GOAL OF THE EXERCISE = Below are the records. Retype exactly the lines between the lines holding "Écris un texte" and "TORROX – De", inclusive.

EXCERPTED RECORDS =
....

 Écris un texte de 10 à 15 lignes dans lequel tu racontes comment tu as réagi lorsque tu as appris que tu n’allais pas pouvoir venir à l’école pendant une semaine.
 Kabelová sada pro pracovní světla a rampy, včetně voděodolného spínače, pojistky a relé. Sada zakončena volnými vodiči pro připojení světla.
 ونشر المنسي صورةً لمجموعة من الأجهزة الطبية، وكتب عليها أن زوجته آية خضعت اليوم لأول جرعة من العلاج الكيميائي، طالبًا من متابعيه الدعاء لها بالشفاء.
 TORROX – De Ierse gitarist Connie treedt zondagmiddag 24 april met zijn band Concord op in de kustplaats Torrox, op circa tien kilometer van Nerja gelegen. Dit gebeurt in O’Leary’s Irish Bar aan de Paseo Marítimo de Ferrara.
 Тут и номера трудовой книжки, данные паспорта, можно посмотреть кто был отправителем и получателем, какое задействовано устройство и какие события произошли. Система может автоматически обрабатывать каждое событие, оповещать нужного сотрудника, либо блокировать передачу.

....

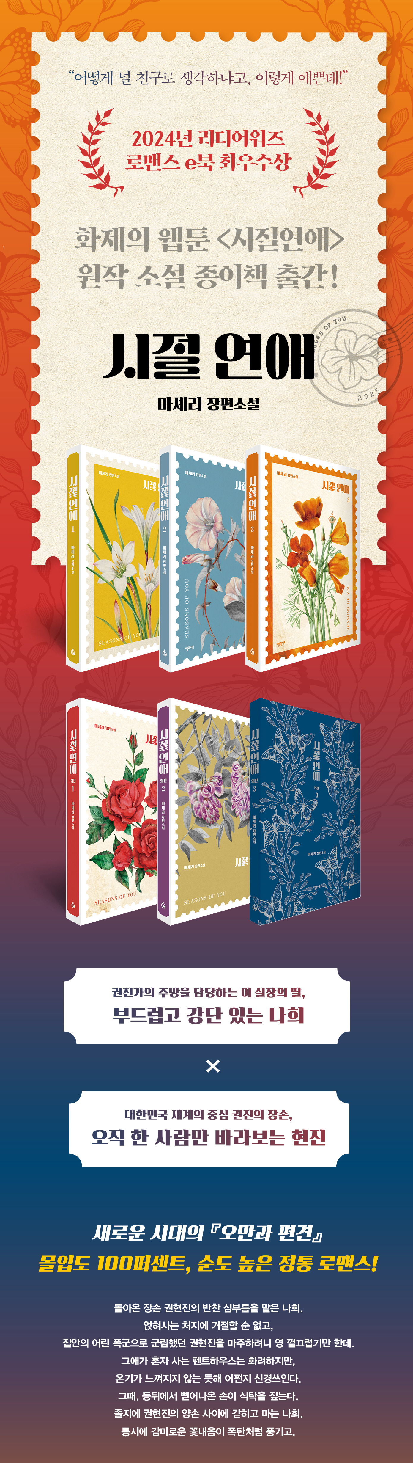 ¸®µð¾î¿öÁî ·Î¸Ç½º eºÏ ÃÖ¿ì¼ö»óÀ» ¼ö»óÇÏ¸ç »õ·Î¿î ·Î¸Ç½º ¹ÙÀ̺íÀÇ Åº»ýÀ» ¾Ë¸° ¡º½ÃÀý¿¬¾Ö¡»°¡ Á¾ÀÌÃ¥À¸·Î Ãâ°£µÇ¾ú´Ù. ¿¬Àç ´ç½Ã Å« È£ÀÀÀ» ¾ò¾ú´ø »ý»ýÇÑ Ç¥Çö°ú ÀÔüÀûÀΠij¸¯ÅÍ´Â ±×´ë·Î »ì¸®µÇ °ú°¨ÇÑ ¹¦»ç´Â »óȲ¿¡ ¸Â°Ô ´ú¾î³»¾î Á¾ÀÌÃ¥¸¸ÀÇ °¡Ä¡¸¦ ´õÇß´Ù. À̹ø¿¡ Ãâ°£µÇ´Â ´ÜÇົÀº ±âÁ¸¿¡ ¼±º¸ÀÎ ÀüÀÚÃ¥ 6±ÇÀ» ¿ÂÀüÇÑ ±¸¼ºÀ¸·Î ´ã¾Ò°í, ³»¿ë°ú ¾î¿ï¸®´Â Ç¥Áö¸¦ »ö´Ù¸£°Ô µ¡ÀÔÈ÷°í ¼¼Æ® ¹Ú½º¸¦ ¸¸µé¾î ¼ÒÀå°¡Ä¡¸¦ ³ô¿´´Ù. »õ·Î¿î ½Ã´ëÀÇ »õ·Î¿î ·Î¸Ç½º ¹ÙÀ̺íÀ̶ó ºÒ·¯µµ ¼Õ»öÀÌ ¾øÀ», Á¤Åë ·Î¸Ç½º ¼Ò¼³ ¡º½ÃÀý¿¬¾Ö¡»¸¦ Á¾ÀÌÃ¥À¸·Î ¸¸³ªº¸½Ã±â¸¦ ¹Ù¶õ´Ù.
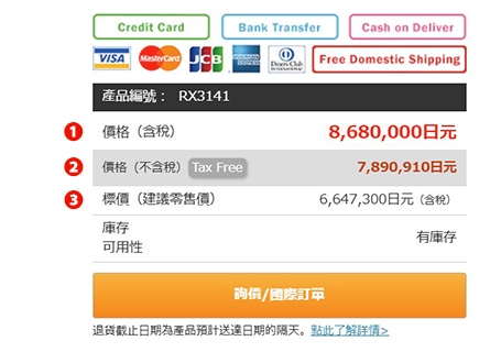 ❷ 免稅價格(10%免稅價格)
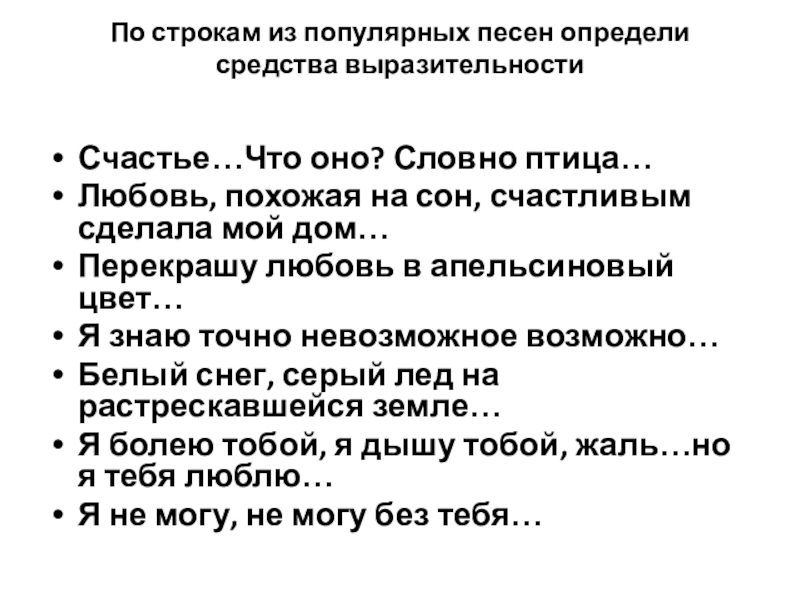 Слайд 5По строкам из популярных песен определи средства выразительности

....

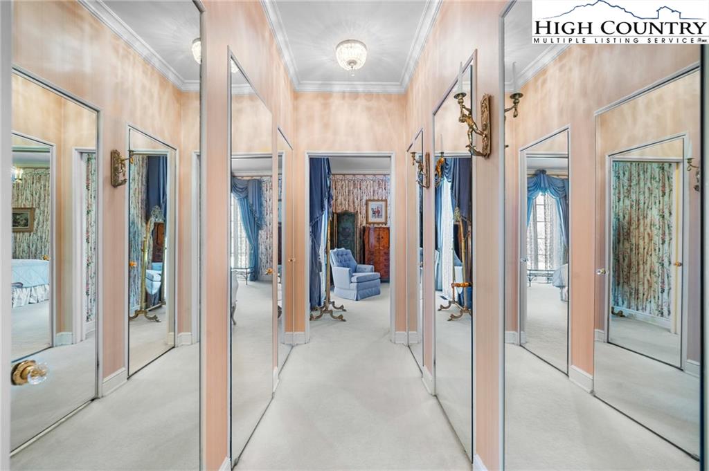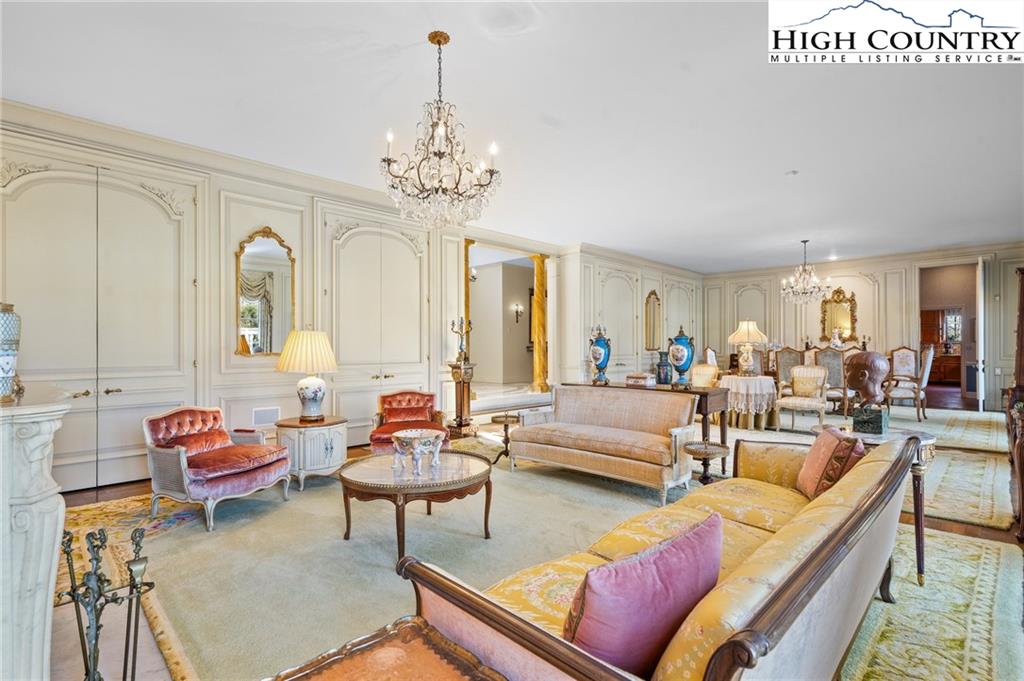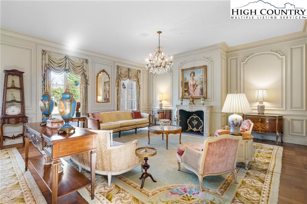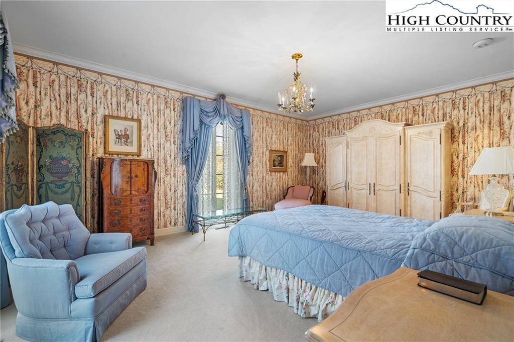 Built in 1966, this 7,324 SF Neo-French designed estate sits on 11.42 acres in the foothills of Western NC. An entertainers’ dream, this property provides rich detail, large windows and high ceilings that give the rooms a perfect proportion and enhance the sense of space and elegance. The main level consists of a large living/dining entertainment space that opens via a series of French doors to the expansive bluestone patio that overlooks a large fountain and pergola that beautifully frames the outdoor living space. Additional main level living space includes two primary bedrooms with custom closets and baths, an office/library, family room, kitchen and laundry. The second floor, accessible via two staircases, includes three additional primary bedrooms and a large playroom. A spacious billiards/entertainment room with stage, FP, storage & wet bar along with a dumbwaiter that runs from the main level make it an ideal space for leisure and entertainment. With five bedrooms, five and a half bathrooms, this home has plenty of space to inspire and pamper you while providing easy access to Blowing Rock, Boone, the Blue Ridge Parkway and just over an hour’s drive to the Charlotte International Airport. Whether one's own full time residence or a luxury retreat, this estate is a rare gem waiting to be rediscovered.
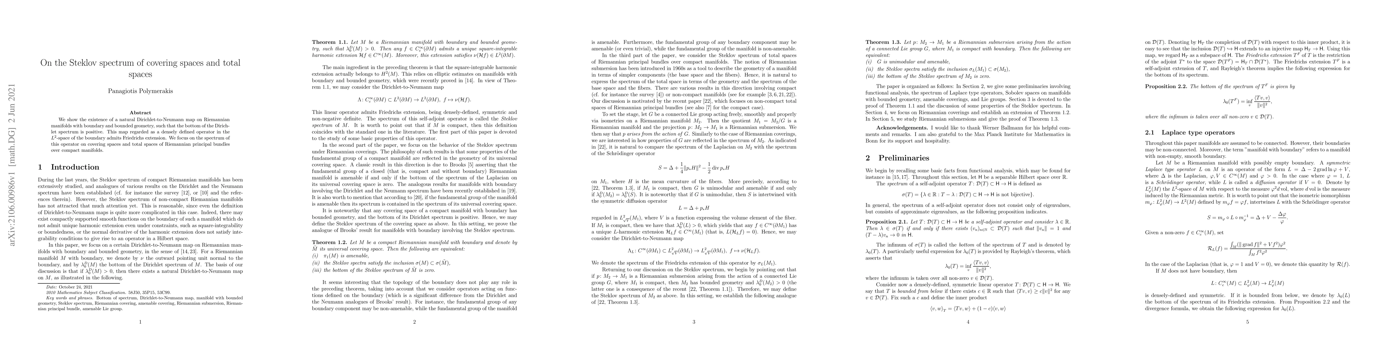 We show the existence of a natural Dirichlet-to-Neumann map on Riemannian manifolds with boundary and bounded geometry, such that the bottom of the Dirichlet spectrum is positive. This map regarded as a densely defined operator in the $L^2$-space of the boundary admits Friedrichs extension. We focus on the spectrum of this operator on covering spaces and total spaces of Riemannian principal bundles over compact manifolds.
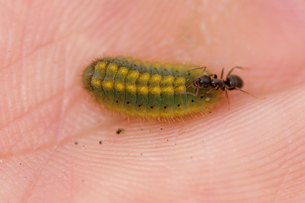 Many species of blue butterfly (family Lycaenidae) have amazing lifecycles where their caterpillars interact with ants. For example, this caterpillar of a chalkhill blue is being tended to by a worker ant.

....

EXERCISE SOLUTION =
 Écris un texte de 10 à 15 lignes dans lequel tu racontes comment tu as réagi lorsque tu as appris que tu n’allais pas pouvoir venir à l’école pendant une semaine.
 Kabelová sada pro pracovní světla a rampy, včetně voděodolného spínače, pojistky a relé. Sada zakončena volnými vodiči pro připojení světla.
 ونشر المنسي صورةً لمجموعة من الأجهزة الطبية، وكتب عليها أن زوجته آية خضعت اليوم لأول جرعة من العلاج الكيميائي، طالبًا من متابعيه الدعاء لها بالشفاء.
 TORROX – De Ierse gitarist Connie treedt zondagmiddag 24 april met zijn band Concord op in de kustplaats Torrox, op circa tien kilometer van Nerja gelegen. Dit gebeurt in O’Leary’s Irish Bar aan de Paseo Marítimo de Ferrara.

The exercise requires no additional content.